What the hack happened? A CISO perspective on the Cosmos DB vulnerability

Recent uproar on the Microsoft Azures database (Cosmos bug) hit the boardroom. A lot of major companies use Microsoft Cloud, so Azure customers were in for a rough surprise. Wiz’s Chief Technology Officer Ami Luttwak (his company found the vulnerability) describes it as “the worst cloud vulnerability you can imagine.”

Bloomberg says Microsoft warned thousands of its cloud computing customers, including some of the world’s largest companies, that intruders could have the ability to read, change or even delete their main databases. In this blog, I don’t describe the incident or ‘chase the ambulance.’ I give my personal take on other industry experience and elaborate on what I would do if I were a Chief Information Security Officer of a global pharmaceutical company using Azure and if the CEO asks me “What the hack happened and what do we need to do?”

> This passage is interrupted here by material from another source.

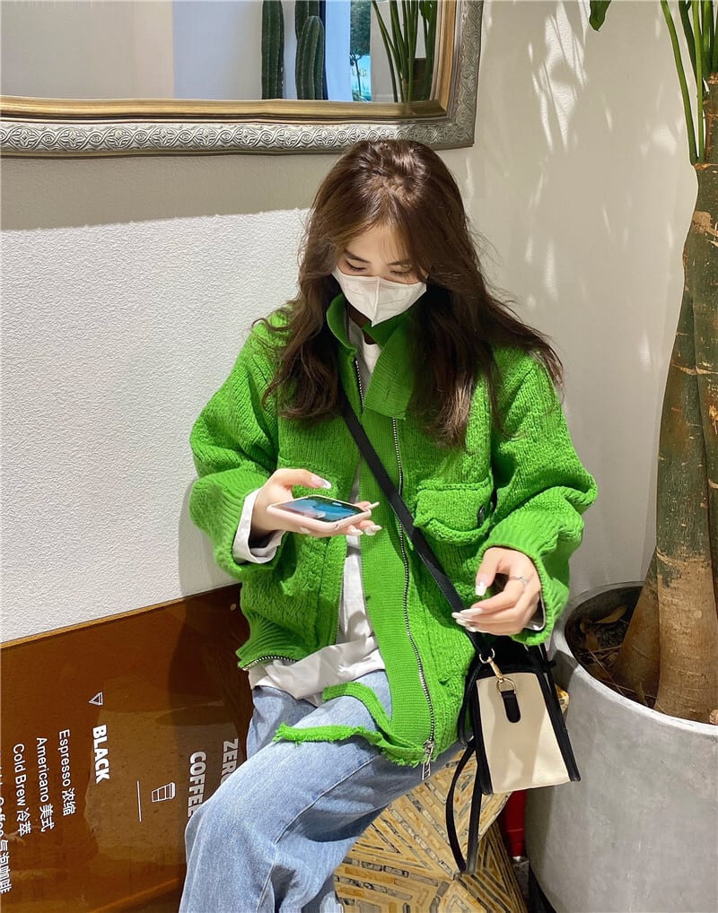 スタンダードグリーンセーター ジャケット レディーススタンドカラーカラーポケットニット長袖スリーブカーディガントップス ロング レトロ ウィンター 冬物 kumikum65087479402
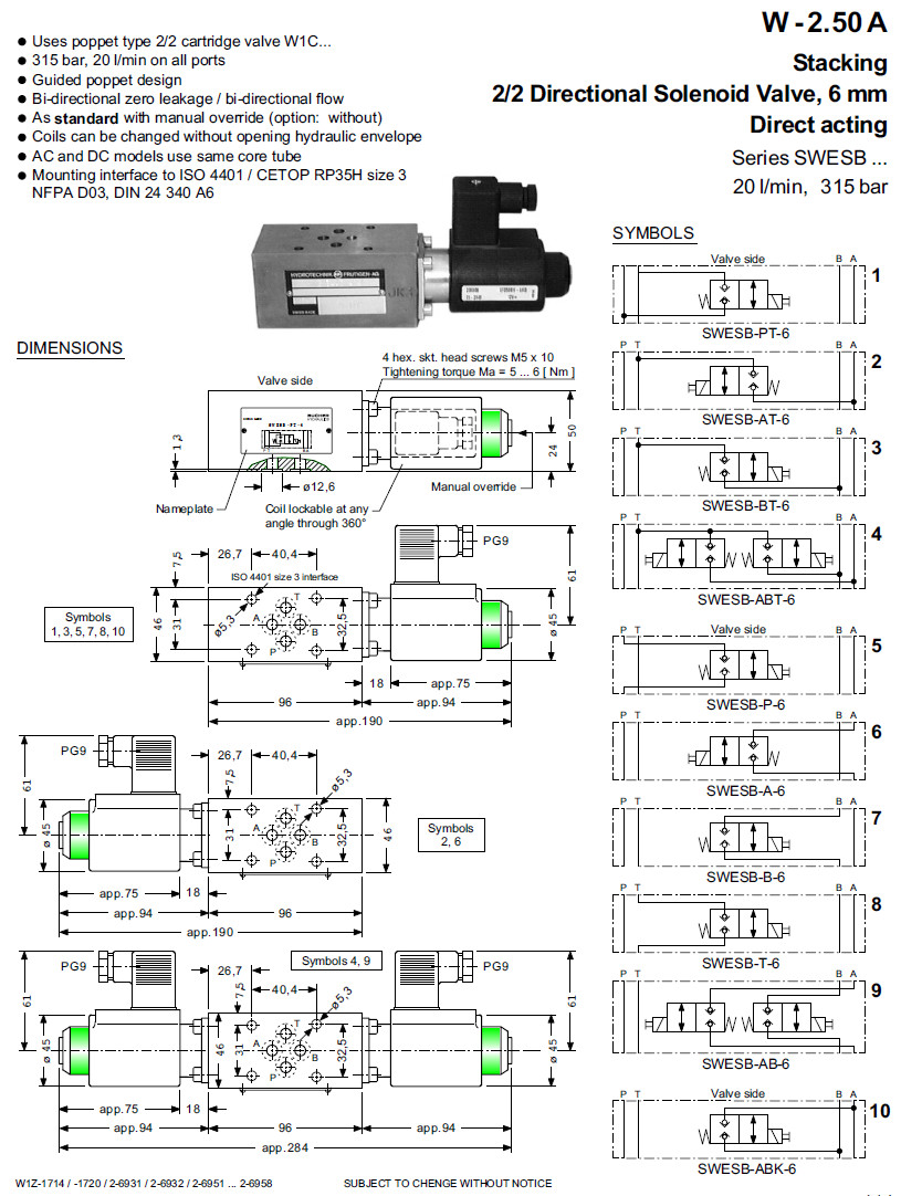 SWESB-P-6-24VDC,SWESB-A-6-24VDC,SWESB-B-6-24VDC,SWESB-PT-6V-24VDC,Bucher电磁阀

Everything is under control, right?

Although we don’t yet know all the facts, there are some things that we can be sure of in trying to evaluate this potential crisis. Most of the global organizations have some form of risk framework in place to help them decide whether sensitive information of a certain type can be stored safely in particular cloud environments and what controls and policies are needed. Azure Cosmos appears to have ticked all boxes for thousands of organizations. Most of them probably have some form of cloud security and compliance products in place, using the native tools of the cloud vendor or products such as Palo Alto Networks’ Prisma Cloud. So, everything is under control, right?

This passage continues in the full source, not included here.